◆ Exercise directions: Output exactly, and only, the lines below from the one with "在客厅与厨房之间,加入中岛台,这样可以挡住厨房的杂乱,保持客厅区域的美观。" down to the one with "Розетка электрическая TDM". Include both end lines and no pictures.

◆ Data shown:
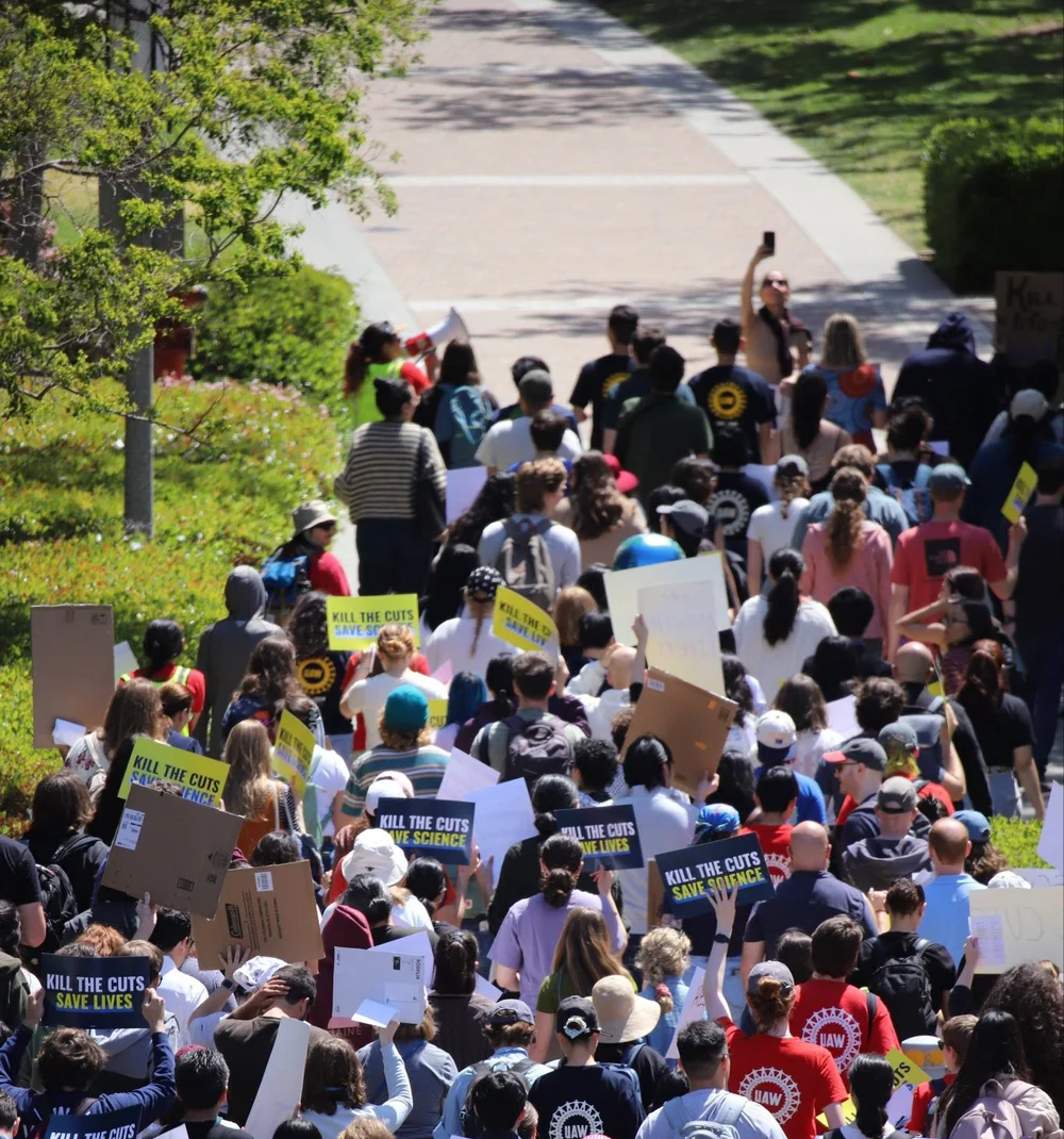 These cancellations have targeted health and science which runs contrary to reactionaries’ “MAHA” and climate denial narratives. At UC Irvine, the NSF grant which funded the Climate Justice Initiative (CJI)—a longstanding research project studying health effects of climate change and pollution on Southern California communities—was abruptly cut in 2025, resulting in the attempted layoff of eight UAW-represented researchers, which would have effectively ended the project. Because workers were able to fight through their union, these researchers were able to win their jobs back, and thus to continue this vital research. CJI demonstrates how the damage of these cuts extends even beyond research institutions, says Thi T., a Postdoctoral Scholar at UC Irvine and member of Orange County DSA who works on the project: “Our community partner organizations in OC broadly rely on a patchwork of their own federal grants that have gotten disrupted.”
...
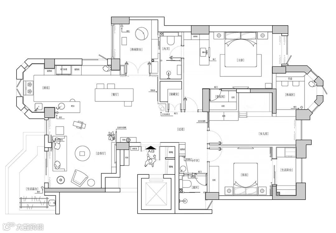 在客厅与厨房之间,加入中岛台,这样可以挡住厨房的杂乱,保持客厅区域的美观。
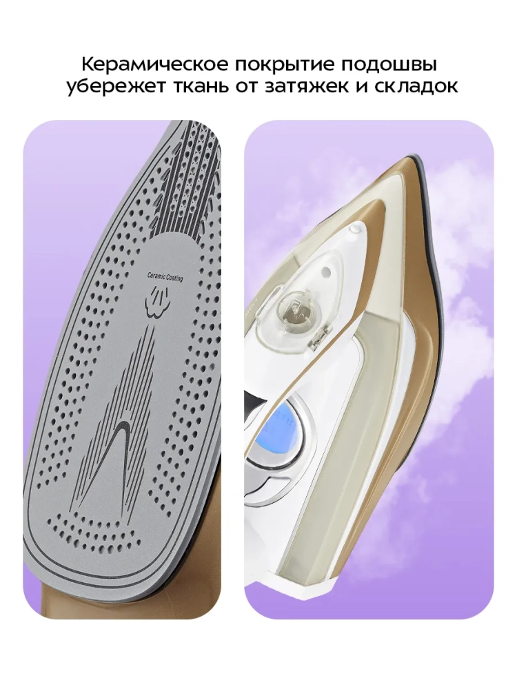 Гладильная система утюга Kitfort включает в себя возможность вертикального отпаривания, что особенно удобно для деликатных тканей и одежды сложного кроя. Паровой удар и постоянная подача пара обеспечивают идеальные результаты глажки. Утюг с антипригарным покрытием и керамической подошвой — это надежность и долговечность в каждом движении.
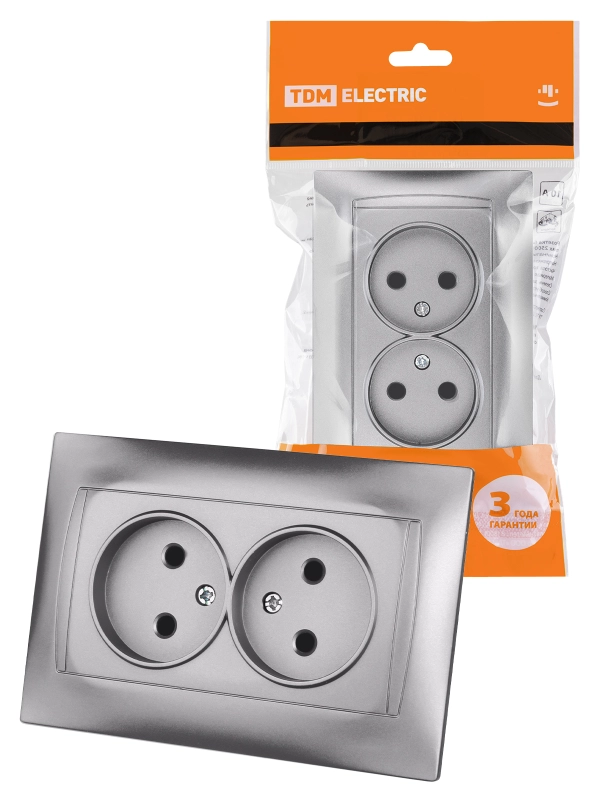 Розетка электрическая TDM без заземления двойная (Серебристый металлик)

◆ Response area:
 在客厅与厨房之间,加入中岛台,这样可以挡住厨房的杂乱,保持客厅区域的美观。
 Гладильная система утюга Kitfort включает в себя возможность вертикального отпаривания, что особенно удобно для деликатных тканей и одежды сложного кроя. Паровой удар и постоянная подача пара обеспечивают идеальные результаты глажки. Утюг с антипригарным покрытием и керамической подошвой — это надежность и долговечность в каждом движении.
 Розетка электрическая TDM без заземления двойная (Серебристый металлик)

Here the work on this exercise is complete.